11. A number of air crewman died of farts (ascending to 20,000 ft. in an unpressurized aircraft causes intestinal gas to expand 300%).


----------



## the lancaster kicks ass (Aug 4, 2004)

and that's what killed everyone??


----------



## lesofprimus (Aug 4, 2004)

Air is less dense at higher altitudes... Less air for lift... And those planes were loaded down with more cargo than they were designed to handle....

Alot of Very Brave men died there...


----------



## Lightning Guy (Aug 5, 2004)

Plus visibility wasn't always that great. And the winds could be rather extreme and unpredictable.


----------



## the lancaster kicks ass (Aug 5, 2004)

what planes were involved??


----------



## plan_D (Aug 5, 2004)

C-47 and C-46 were the main ones, I think.


----------



## MP-Willow (Aug 5, 2004)

The hump was run with C-47, 46, 53, ad C-87 and B-24s. They had to carry averything that an army and airforce needed for war. A C-87 had to make two trips to have the fuel for the thirsty B-29s that flew out of Western China. The mountains are the roof of the world. AS said before, the weather was horrid, the planes were heavy and if that is hard the Japanese know the routs because the planes can only fly up to 30,000 and a lot of the mountains are higher. 

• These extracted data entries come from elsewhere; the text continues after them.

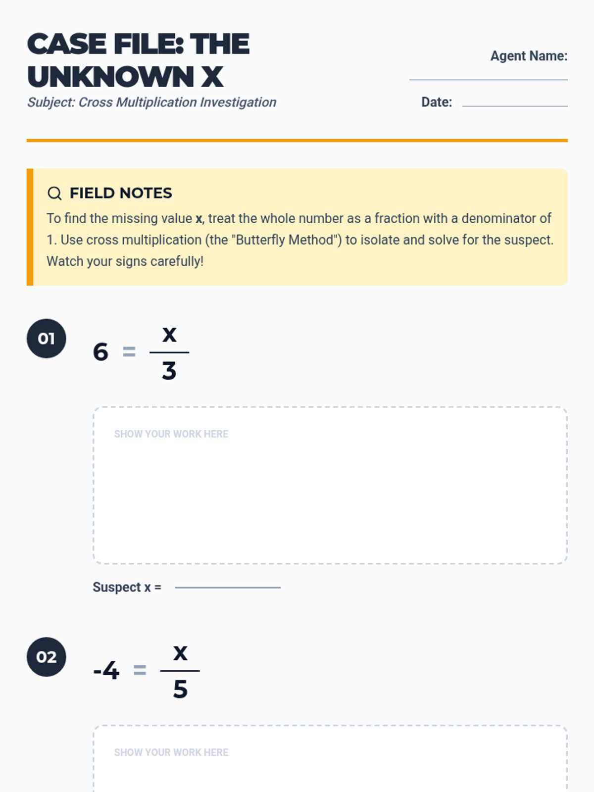 A focused practice set on solving basic proportions using cross multiplication where students solve for an unknown numerator with a whole number constant.
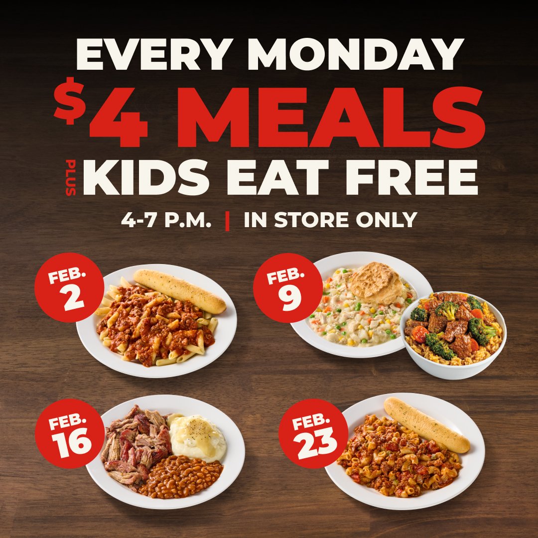 At Hy-Vee, there’s a $4 hot meal deal every Monday from 4:00 – 7:00pm, and it’s honestly one of the easiest ways to get dinner on the table without cooking — or blowing the budget. Even better? Kids 12 and under eat FREE!
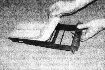 6. Павярніце крапежны клямар на 90°, затым адкіньце пляцоўку паветранага фільтра ўніз, і дастаньце фільтр з-пад аўтамабіля (гл. ілюстрацыі).
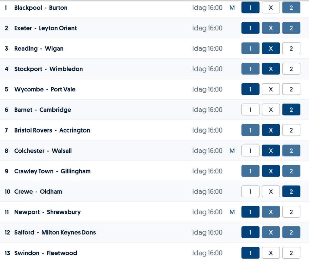 Travet förra gången gav intet – blott 1 rätt… Denna vecka är halvtråkig spelmässigt p g a fotbollslandskamper. Vi satsar våra surt förvärvade sekiner på Stryktipset som denna gång huserar engelska division 1- och division 2-matcher… Svårt med andra ord – tärningen har fått avgöra tecknen. Vi har satsat 192,- som om alla tecken sitter på ramen garanterar minst 12 rätt.
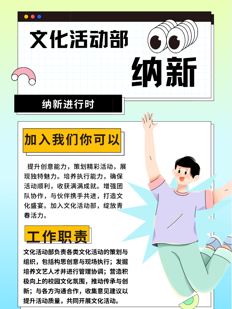 天青色等烟雨,而我们在期盼着你澳门电子pg游戏官网学生会火热纳新啦!在这里,你的每一份努力都不会被忽视每一次尝试都能收获成长的硕果你将拥有专属于自己的绚丽舞台绽放出独属于你的夺目光彩秋季纳新,以心唤新你就是我们翘首以盼的“新”上人
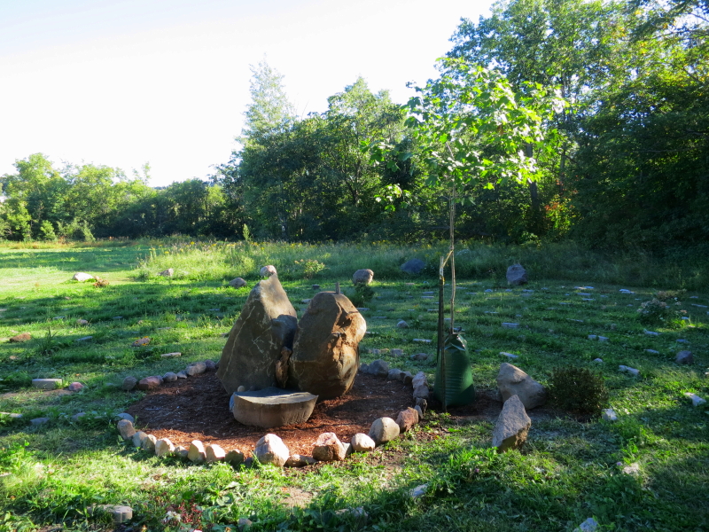 If you look closely, you just might be able to spot the transplanted maple tree by the large rock at the center of the labyrinth. It appears to be holding its own in this first summer out in the open sunlight.

Lanc it is ol that you have not read about the CBI and the Hump missions, they are remembered by a few. But I hope to keep it alove for you all.


----------



## GermansRGeniuses (Aug 5, 2004)

Actually, Mt. Everest (In Tibet) is the tallest and it pokes at a max. height of around 29,000ft...

Still, that's a lot of strain for engines, airframe, and crew...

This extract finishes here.